Key considerations include:

  • Risk premium – Assigning a risk value for the anticipated risk involved with the project. Riskier investments generally have greater hurdle rates than less risky ones.
  • Inflation rate – If the economy is experiencing mild inflation, that may influence the final rate by 1%-2%. There are instances when inflation may be the most significant factor to consider.
  • Interest rate – Interest rates represent an opportunity cost that could be earned on another investment, so any hurdle rate needs to be compared to real interest rates.

Often, a risk premium is assigned to a potential investment to denote the anticipated amount of risk involved. The higher the risk, the higher the risk premium should be, as it takes into consideration the fact that if the risk of losing your money is higher, so should the return on our investment be higher. A risk premium is typically added onto the WACC to arrive at a more appropriate hurdle rate.

Using a hurdle rate to determine an investment’s potential helps eliminate any bias created by preference toward a project. By assigning an appropriate risk factor, an investor can use the hurdle rate to demonstrate whether the project has financial merit regardless of any assigned intrinsic value.

For example, a company with a hurdle rate of 10% for acceptable projects would most likely accept a project if it has an IRR of 14% and no significant risk. Alternatively, discounting the future cash flows of this project by the hurdle rate of 10% would lead to a large and positive net present value, which would also lead to the project’s acceptance.

The limitations of using a hurdle rate –

It’s not always as straightforward as picking the investment with the highest internal rate of return. A few important points to note are:

  • Hurdle rates can favor investments with high rates of return, even if the dollar amount (NPV) is very small.
  • They may reject huge dollar value projects that may generate more cash for the investors but at a lower rate of return.
  • The cost of capital is usually the basis of a hurdle rate and it may change over time.

Hurdle rates typically favor projects or investments that have high rates of return on a percentage basis, even if the dollar value is smaller. For example, project A has a return of 20% and a dollar profit value of $10. Project B has a return of 10% and a dollar profit value of $20. Project A would most likely be chosen because it has a higher rate of return, even though it returns less in terms of overall dollar value.

In addition, choosing a risk premium is a difficult task as it is not a guaranteed number. A project or investment may return more or less than expected and if chosen incorrectly, this can result in a decision that is not an efficient use of funds or one that results in missed opportunities.

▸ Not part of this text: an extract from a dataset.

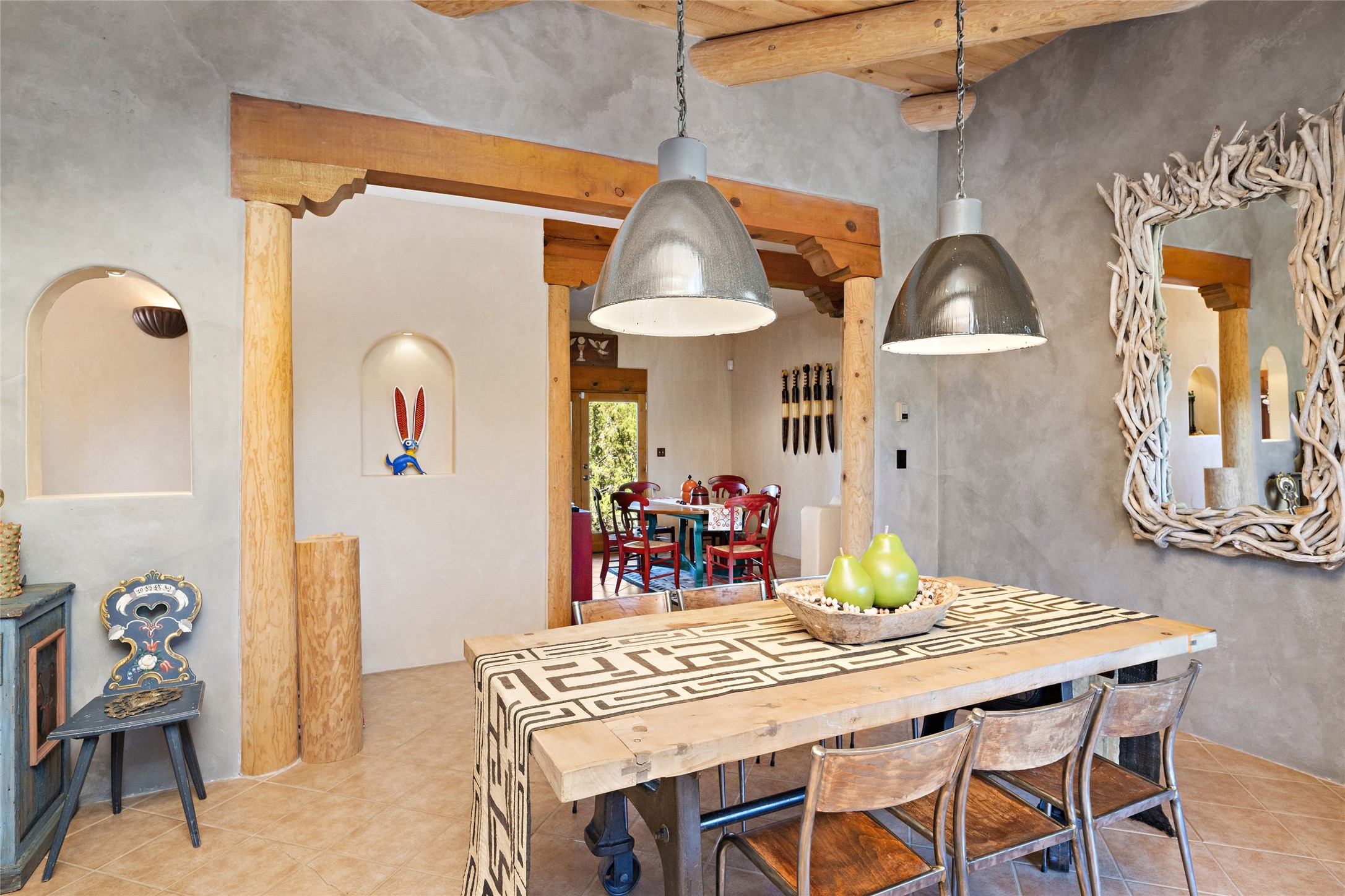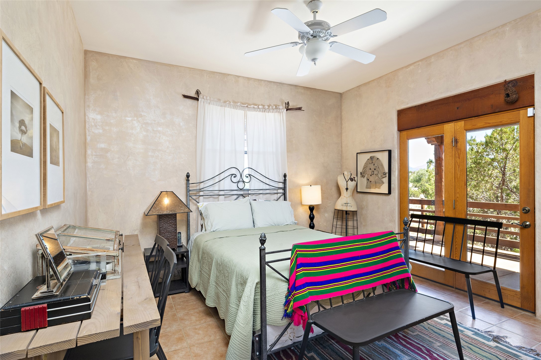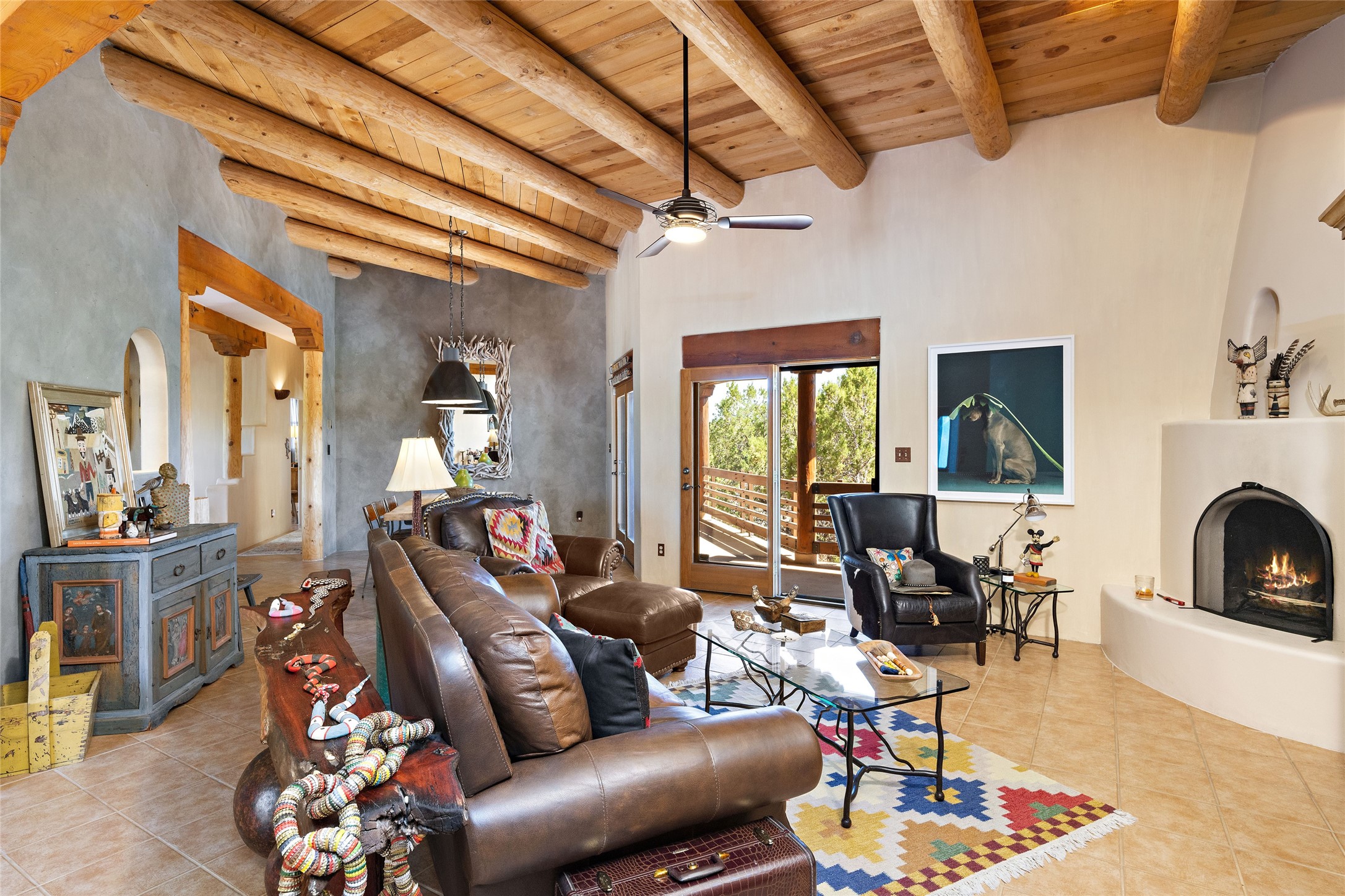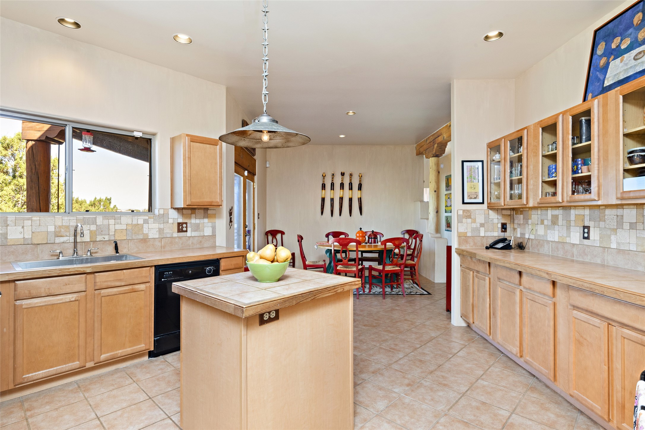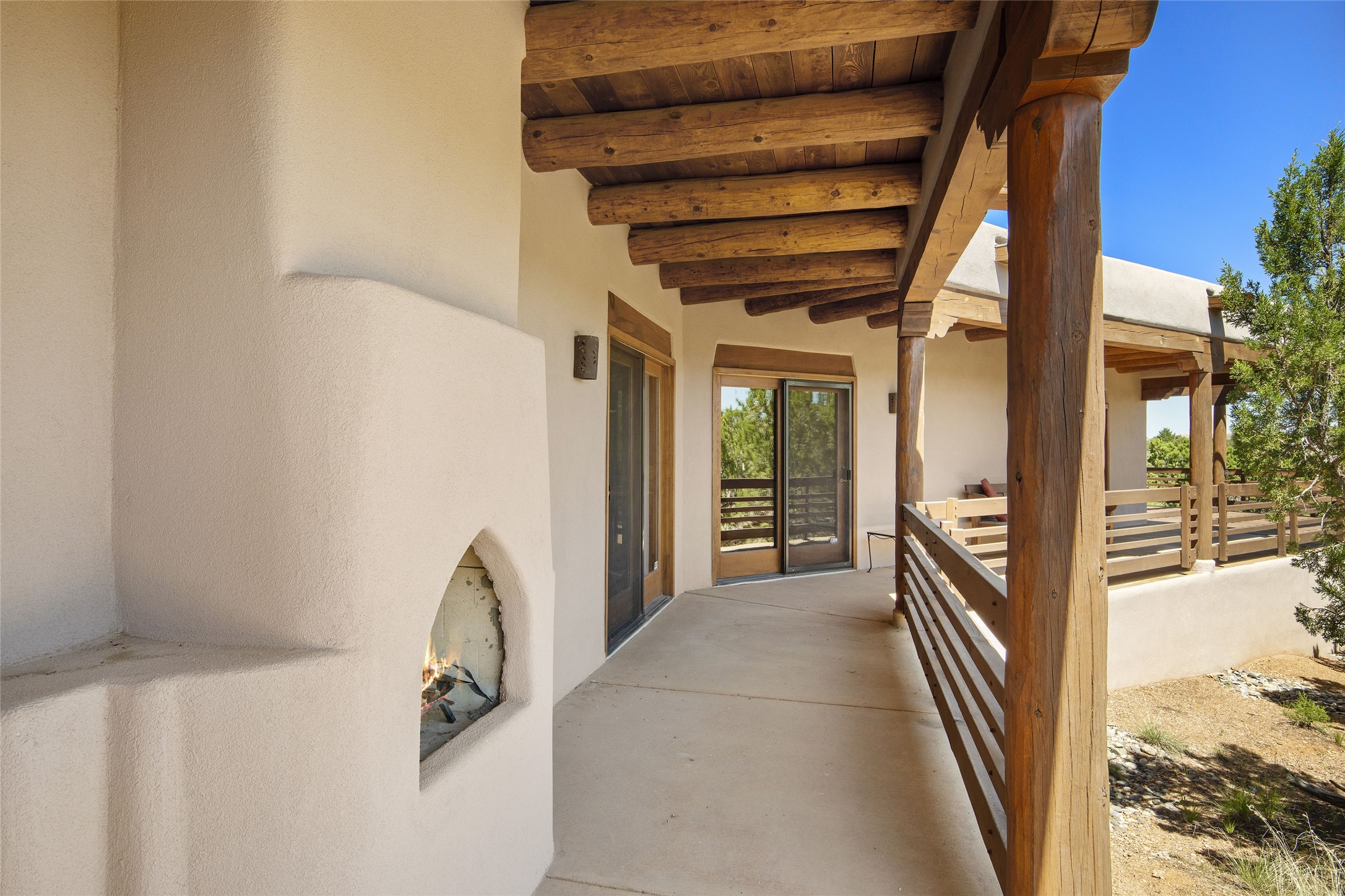 Beautiful custom Eldorado home on a cul-de-sac with separate working artist studio and mountain and foothill views! ***This home has been reduced 95K due to the presence of Kitec in the walls and the radiant heat tubing. Original price 870K. Estimate for $62,754 is in the supplements from Reliable-Tech to replumb and install 5 more splits - two already exist.*** The remaining 27K+ should cover drywall repairs. ***This single-level property has in-floor natural gas radiant heat and mini-splits in the primary bedroom and studio for air conditioning. Dramatic high viga ceilings in spacious living room. Three wood burning kiva fireplaces - primary bedroom, living room and rear covered portal. This happy and sunny home has a deck and covered portal surrounding 2/3 of the home and overlooks the greenbelt with amazing sunset views. Kitchen opens to dining area and has it's own breakfast area and lots of counter space and storage. Primary bedroom has walk-in closet and separate bathtub and shower. Each of the 4 bedrooms has exterior access. New modified bitumen roof 2018 with 10-year warranty. New STO stucco 2018 with 7-year warranty. Deck refinished last summer. Each bedroom has exterior access. NO STEPS, NO CARPET. Proper laundry room with storge. Finished oversized 2-car garage. Custom-made vanities above bath sinks all convey. Property has a Leak Defense System to alert owner to any unusual water usage. Items which do not convey - two lights over dining table and entry light.

Example of a Hurdle Rate –

Let’s take a look at a simplified example. Amy’s Hammer Supply is looking to purchase a new piece of machinery. It estimates that with this new piece of machinery it can increase its sales of hammers, resulting in a return of 11% on its investment. The WACC for the firm is 5% and the risk of not selling additional hammers is low, so a low-risk premium is assigned at 3%. The hurdle rate is then:

WACC (5%) + Risk premium (3%) = 8%

As the hurdle rate is 8% and the expected return on the investment is higher at 11%, purchasing the new piece of machinery would be a good investment.